Based upon the resources that we’ve identified for your consideration, there are a handful of existing data formats the VA should consider. Some of these are already underway, while others are not currently reflected in the Lighthouse’s efforts, but are used by other government entities to publish data in a consistent manner.
Fast Healthcare Interoperability Requirements (FHIR) – FHIR is already in-motion at the VA, but worth highlighting here. FHIR provides an anchor for why common data schema formats are relevant to other resources beyond Veteran healthcare records.
Open Referral (211) – Open Referral is a common schema and API specification for defining human services, including organizations, locations, and services, along with all the supporting information and metadata that goes with this core set of resources.
Open311 – Open311 is a common data format for reporting problems and issues at the municipal level, but can easily be adopted for establishing feedback loops at any level of government. It provides a common schema for how large volumes of information get submitted via API infrastructure.
Schema.org – A common schema vocabulary that provides object definitions for almost every resource identified throughout this landscape analysis, and the recommended list of resources above.
There are undoubtedly other open data formats that can be leveraged. Common microformats and other RFCs should also be considered, but these can be addressed during the define and design stages of the API development lifecycle, once individual resources have been decided upon. Common formats help ensure resources are interoperable and reusable across VA groups; they also help bring teams together to speak in a common language, using a common dictionary, which will go a long ways to standardizing how data is published and consumed.
Improve analytical information
We had hoped there would have been more analytical information available to help rank the resource data that we identified. We did incorporate the ranking information available from data.gov as an input into our resource prioritization.
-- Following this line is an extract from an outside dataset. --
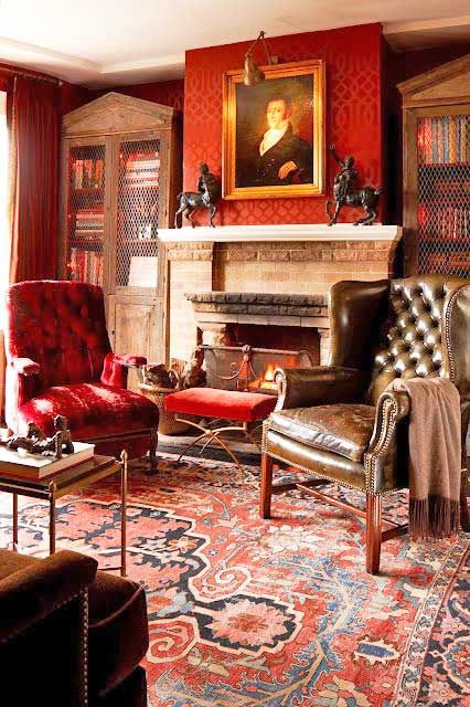 And my posts wouldn't be complete without some gorgeous images to view. I love this setting with a fireplace and 2 comfy chairs flanking it. Unfortunately, I can not be around anyone who smokes or a flame or I'd be a walking torch!
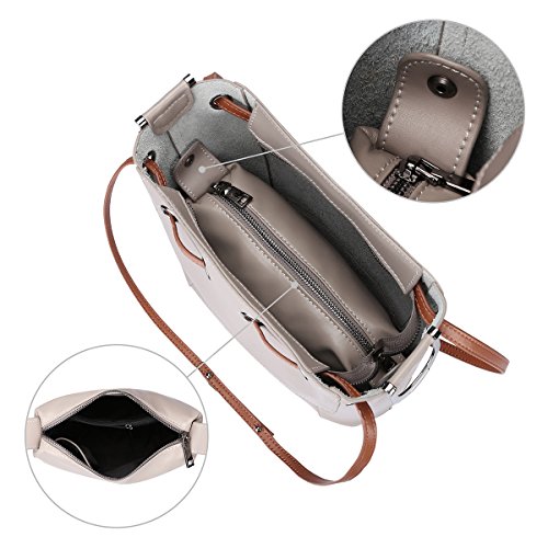 - Durable Materials: Split cow leather (outside bag) + faux leather (inside pouch). High quality gun metal hardware. Top zipper closure for your security

However, we relied mostly on publication frequency and the overall occurrence of each keyword to help weight relevance. The existence of a word in a path, title, and file name gives it a weight, which can be amplified for every occurrence, providing us with adequate levels of prioritization, grouping, and organization to help us understand each topics importance. If a topic exists frequently across VA web properties, and exists as a sectional grouping, and title of data file, it has importance and relevance.
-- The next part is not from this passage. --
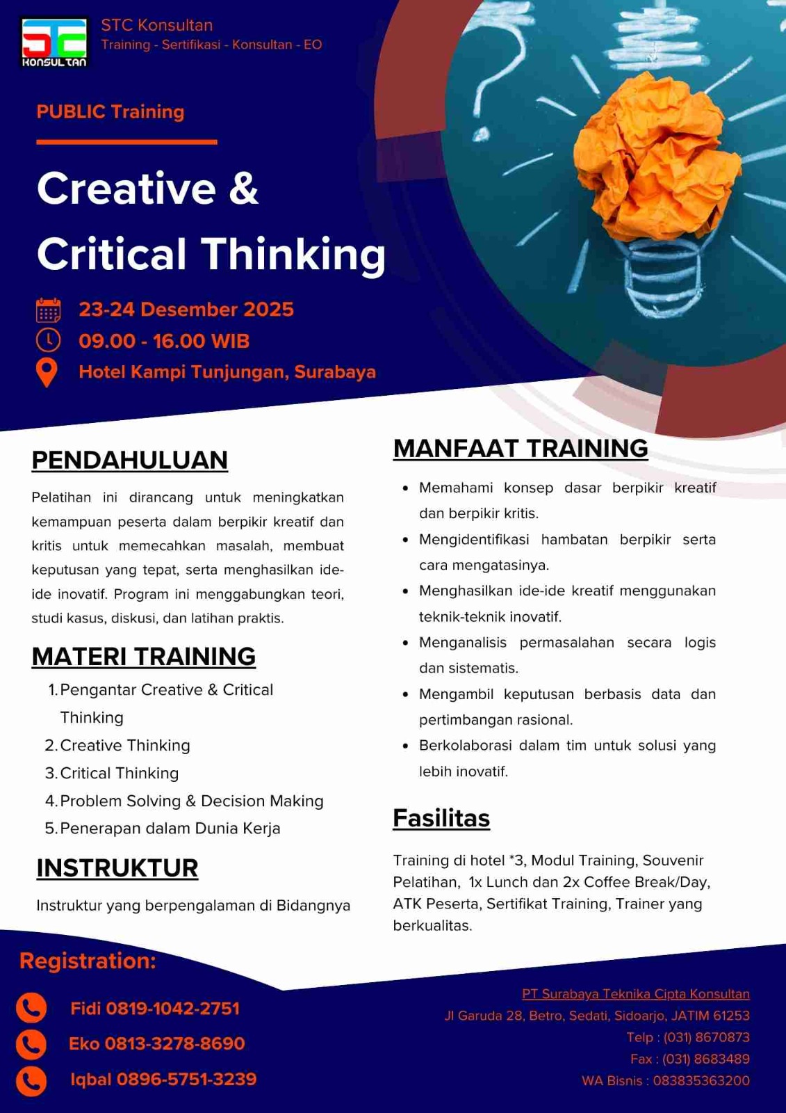 Selain itu, tanpa kemampuan critical thinking yang kuat, proses kerja sering terhambat oleh asumsi, bias, serta pengambilan keputusan yang kurang tepat. Oleh karena itu, STC Konsultan menyelenggarakan training creative & critical thinking di Surabaya sebagai program pengembangan kompetensi yang dirancang aplikatif dan relevan dengan kebutuhan dunia kerja modern.

The lack of analytics, or access to current analytics, across existing VA data sources demonstrates the importance of having a consistent and comprehensive analytics strategy across the VA’s data. There should be download counts for all machine-readable files. And, more importantly, real-time analytics for the consumption of this data via simple web APIs. There should be regional- and program-related ata. We should have personalized data that reflects what’s most important to Veterans. We should understand what’s relevant what isn’t through strategically-designed analytics across web and API operations. The lack of analytics is why we’re working to identify relevant data sources, so those can be made more available and analytics become the default — not an afterthought.
Continue refining the landscape analysis
Our landscape analysis produced a lot of information that was messy and difficult to work with. We can continue to make another pass, which would involve refining indexes, optimizing title and filename parsing, and developing key phrase, plural word, and other dictionaries to make the results much more refined.
There was a lot of data to harvest, process, and make sense of in a two-week sprint. However, we feel that we were able to do a good job of making sense of what was captured. Another sprint could easily be spent sorting through all of the data targeted, separating quality datasets from the more messier ones. Creating a dictionary to translate words and rehydrate acronyms would be very useful to help make further sense of what’s available in CSV, XLS/XLSX, JSON, and XML files. More work could also be done around forms: identifying the types available; defining their search mechanisms; defining what input parameters they allow (whether GET or POST); and unlocking further details on how they store data. Form and table data often have a direct connection to backend databases, which make them more valuable than some of the published data files.
All of the data from the landscape analysis has been published to GitHub, minus the primary index of harvested and processed URLs. Those are too big to publish as JSON to GitHub, but we’ll evaluate how best to provide access to each site index using a solution such as Amazon AMI. We also started experimenting with a secondary spider solution in order to generate an index of the VA website and can publish those indexes as separate GitHub repositories within a single GitHub repository when completed. We feel like these newer indexes could provide a much richer approach to understanding the data and content across the VA’s web properties. And allow for other researchers and analysts to fork and work to make sense of the data that they contain.
Incorporate user research
It’s critical that any further landscape analysis focused on uncovering valuable data resources from across the VA’s web presence is combined with user research activities, such as the series of design workshops that we conducted. Doing so will provide a human perspective on what’s most important to Veterans and their supporters.
We strongly encourage the Lighthouse program to conduct a similar workshop activity to the one that we ran, leveraging the VA’s much stronger outreach capability in order to attract an even larger and more diversified representation of the Veteran community’s data resource needs.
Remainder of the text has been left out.